In zijn brief van 5 februari 2002 aan de Minister van Economische Zaken, heeft de heer Burbage een potentiële Nederlandse omzet in SDD geïndiceerd van dollar 800 miljoen. Daarnaast indiceerde hij een Nederlandse omzet van dollar 8 miljard in Productie (gebaseerd op een totale productie van 6000 toestellen), waarvan LRIP een onderdeel uitmaakt. Voor de Nederlandse business case is alleen productie-omzet van belang, omdat de Nederlandse industrie hierover afdrachten zal betalen. De Kamer is hierover geïnformeerd met de brief van 11 februari 2002 (Kamerstuk 26 488, nr. 8) en met de antwoorden op vragen naar aanleiding van deze brief (Kamerstuk 26 488, nr. 9, antwoord op vraag 243). Zowel in de jaarrapportage (Kamerstuk 26 488, nr. 17), als in de antwoorden van 7 oktober 2003 (Kamerstuk 113) wordt gerefereerd aan bovengenoemde schriftelijke uitlatingen van de heer Burbage.

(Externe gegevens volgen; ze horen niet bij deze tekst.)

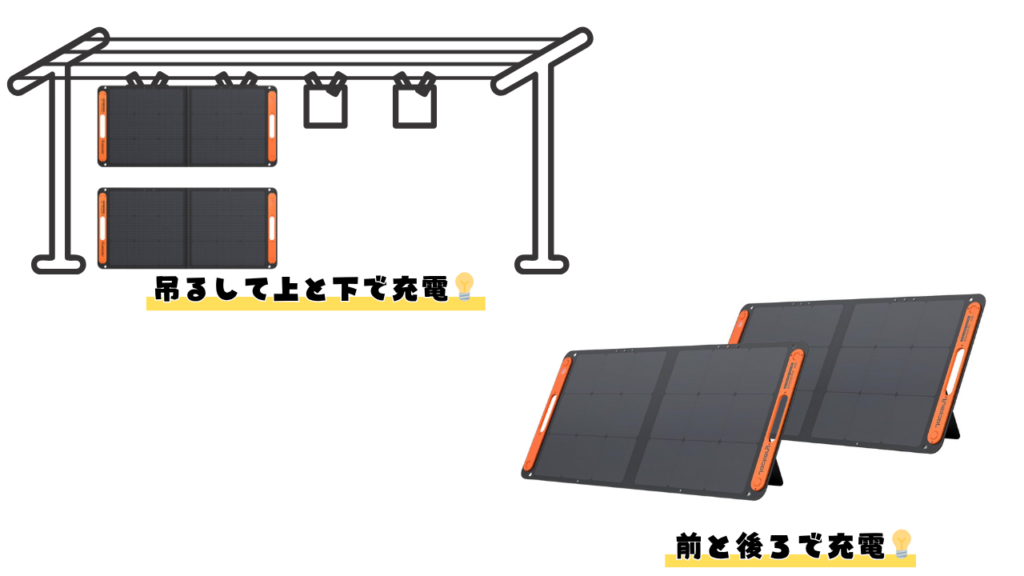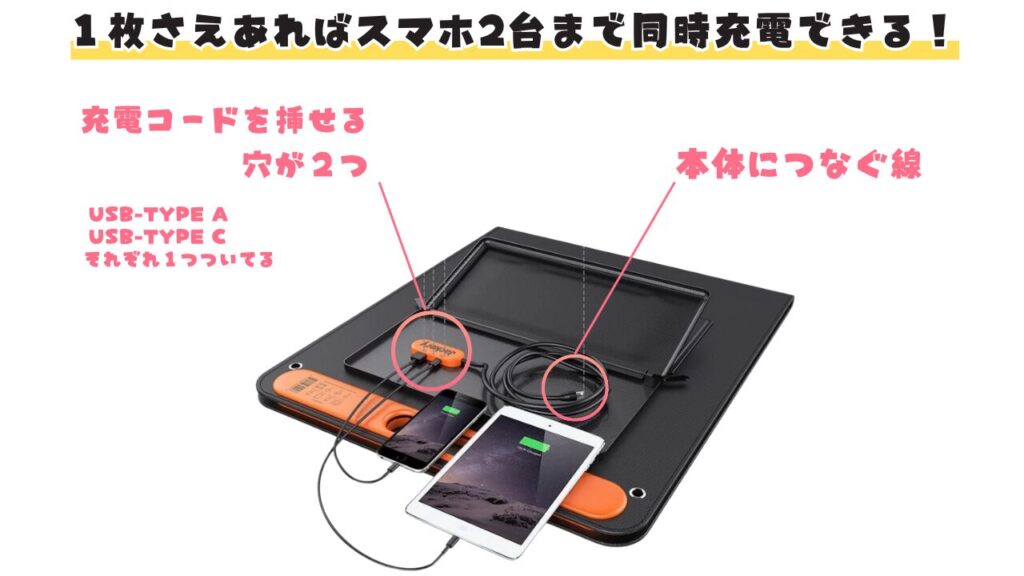 それぞれに直接充電ケーブルを差し込めるのでSolarSaga 100W1枚あたり同時に2つのスマホやタブレットを充電できちゃいます。

Mijn contacten met Lockheed Martin zijn gericht op een optimale inschakeling van de Nederlandse industrie.

4 en 5 Bent u bekend met de uitspraak van de heer Burbage dat het wel of niet kopen van de JSF door Nederland de positie van Nederland en de hoeveelheid orders voor Nederlandse bedrijven beïnvloedt?

Zo ja, hoe is de koppeling van de beslissing om wel of geen JSF-vliegtuigen te kopen voor deelname van Nederland aan het project, te rijmen met eerdere uitspraken van de regering daarover en de besluitvorming rond de deelname aan het programma?

Ja. In de brief van 11 februari 2002 (Kamerstuk 26 488, nr 8) is gemeld dat meedoen aan de ontwikkeling van de JSF de facto een keuze voor de JSF betekent. Daarom zijn voor de voorbereiding van de besluitvorming twee onderling gerelateerde sporen gevolgd. Het eerste spoor betrof een kandidatenevaluatie van mogelijke opvolgers van de Nederlandse F-16, waarbij werd geconcludeerd dat de JSF het beste vliegtuig is voor de beste prijs. Het tweede spoor betrof het al dan niet deelnemen aan de ontwikkeling van een nieuw jachtvliegtuig. In de hiervoor uitgewerkte business case is rekening gehouden met de aanschaf van de JSF. De regering heeft dus altijd erkend dat met de deelname aan de ontwikkeling van de JSF het in de rede ligt dat de Nederlandse F-16 op termijn zal worden vervangen door de JSF.